Looking at the map and a lit surge popped up. Where's that? 

Zoom in.

There's nothing there.......

Zoom in.

That farmers field has 1.2 surge right now.

Wtf.

It was like 8 hexes, the middle 6 of which, were all behind a barbed wire fence, on private property , in a farmer's field.

Can anyone explain that to me?


----------



## Bpr2 (Feb 21, 2017)

Probably cow tippers.


----------



## Mars Troll Number 4 (Oct 30, 2015)

Bpr2 said:


> Probably cow tippers.


The first thing i thought...

A spaceship just landed and they need a ride into town.

The reality is it's probobly an "incentive" surge, meaning a surge to get someone to drive into it and kill the surge, to provide better service coverage.


----------



## RalphWolf (May 20, 2017)

Mears Troll Number 4 said:


> The first thing i thought...
> 
> A spaceship just landed and they need a ride into town.
> 
> The reality is it's probobly an "incentive" surge, meaning a surge to get someone to drive into it and kill the surge, to provide better service coverage.


I have to admit I know that farmers field well, and it is severely under served by Uber.


----------



## JJS (Jan 5, 2016)

Well GIven the time of day and location...local young people partying and need rides home...I know where I partied and if I had Uber back then. You are f&^%ing right I would have called one.


----------



## RalphWolf (May 20, 2017)

JJS said:


> Well GIven the time of day and location...local young people partying and need rides home...I know where I partied and if I had Uber back then. You are f&^%ing right I would have called one.


Yeah, but not in the middle of the afternoon.


----------



## Bpr2 (Feb 21, 2017)

RalphWolf said:


> Yeah, but not in the middle of the afternoon.

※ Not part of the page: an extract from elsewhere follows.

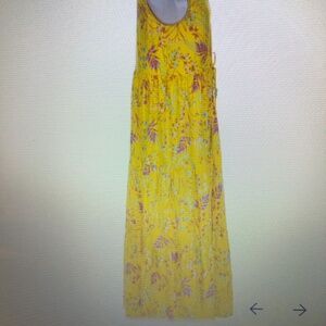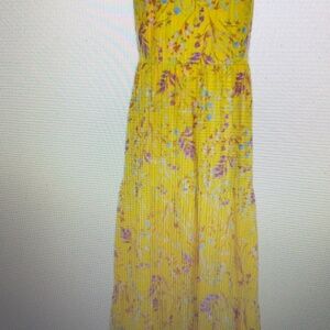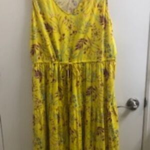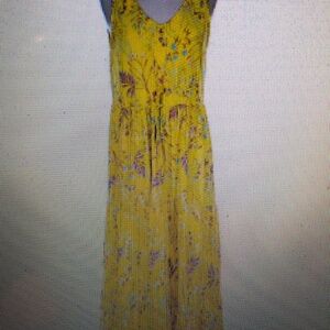 C. Wonder by Christian Soriano designs lovely dresses and this is definitely one. The fabric is soft and comfortable 90% polyester and 10 spandex. Take your look from ordinary to extraordinary in this sleeveless summery V-neck midi-length dress. The warm yellow background highlights the soft colors in the leaves and flowers. The empire waist with beaded drawstring and two tiers flatters your shape. Machine wash cold, Tumble dry low.

There are parties called barn raves that can occur 24/7. Out in the middle of no where is ideal.


----------



## RalphWolf (May 20, 2017)

Bpr2 said:


> There are parties called barn raves that can occur 24/7. Out in the middle of no where is ideal.


Lol not in this town. Also, Farmers field, completely desolate. There's barely trees, let alone cows or a barn.


----------



## Cableguynoe (Feb 14, 2017)

RalphWolf said:


> Lol not in this town. Also, Farmers field, completely desolate. There's barely trees, let alone cows or a barn.


Ah but there is so much you dont know about your own town, young grasshoppa.
There's an underworld of parties going on under those barns.


----------